Experten haben gefordert, dass ein angemessener Vitamin-D-Status auf der Ebene der öffentlichen Gesundheit behandelt werden sollte.17 18 Höhere 25-Hydroxyvitamin-D-Grenzwerte wurden vorgeschlagen, da sich die gesundheitlichen Folgen eines leichten Hypovitaminose-D-Mangels über Rachitis und Osteomalazie hinaus auf eine niedrige Knochenmineraldichte, Funktionsstörungen der Beine, Knochenbrüche, Einweisungen in Pflegeheime, Darm- und Prostatakrebs, Non-Hodgkin-Lymphome, Parodontalerkrankungen, Typ-1-Diabetes und Multiple Sklerose ausgeweitet haben.3 Es gibt immer mehr Belege für einen epidemiologischen Zusammenhang zwischen Vitamin-D-Mangel und Brustkrebs und dafür, dass eine Nahrungsergänzung das Krebsrisiko verringern könnte.19 20. Eine Meta-Analyse randomisierter kontrollierter Studien hat auch eine bescheidene Verringerung der Gesamtmortalität in Gruppen gezeigt, die mit Vitamin D behandelt wurden.21
Eine optimale Serumkonzentration wurde vor kurzem auf der Grundlage mehrerer dieser Ergebnisse als ≥75 nmol/l definiert.22 Dieser höhere Schwellenwert impliziert notwendigerweise eine Überarbeitung der gegenwärtig empfohlenen Zufuhrmengen für Vitamin D. Es wurde eine Erhöhung der täglichen Vitamin-D-Zufuhr von 200-600 IE23 auf ≥1000 IE für alle Erwachsenen vorgeschlagen, um Serumkonzentrationen ≥75 nmol/l zu erreichen.
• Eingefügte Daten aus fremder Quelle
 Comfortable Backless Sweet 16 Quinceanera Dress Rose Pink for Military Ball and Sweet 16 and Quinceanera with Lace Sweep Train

Dies schließt die Zufuhr aus der primären Vitamin-D-Quelle, der kutanen Photosynthese durch ultraviolettes B-Sonnenlicht, ein, die bei den meisten Menschen 90 % des gesamten zirkulierenden Vitamin-D-Spiegels liefert.24 Die Erreichung dieser Vitamin-D-Ziele im Vereinigten Königreich stellt eine erhebliche Herausforderung dar – zu den Hindernissen gehören der hohe Breitengrad, die anhaltende Bewölkung, der westliche Lebensstil mit Büroarbeit und unzureichende Vitamin-D-Quellen in der Ernährung, einschließlich des Mangels an angereicherten Lebensmitteln4 und geeigneten rezeptfreien Präparaten.4
Die Empfehlungen für Screening, empfohlene Zufuhr und Sonnenlichtexposition wurden nicht an die sich verändernde Demografie und Epidemiologie angepasst. Insbesondere die britischen Empfehlungen für die Sonnenexposition haben möglicherweise nicht das notwendige Gleichgewicht zwischen der Prävention von Hautkrebs und der Vermeidung von Vitamin-D-Mangel gefunden.25 Die Warnungen, die direkte Sonnenexposition zu begrenzen, Schatten zu suchen, die Haut zu bedecken und Sonnenschutzmittel mit einem Schutzfaktor von 15 oder mehr aufzutragen (Faktor 15 blockiert die Vitamin-D-Photosynthese zu 99 %), haben keine einheitlichen gesundheitlichen Auswirkungen auf verschiedene Hautfarben, Kleidungsgewohnheiten oder Altersgruppen.3 18 22 24 Da es keine wirksamen Präventionsstrategien für eine schwere Hypovitaminose D gibt, müssen Kliniker weiterhin auf die heterogene und potenziell unheilvolle klinische Präsentation dieser Erkrankung achten.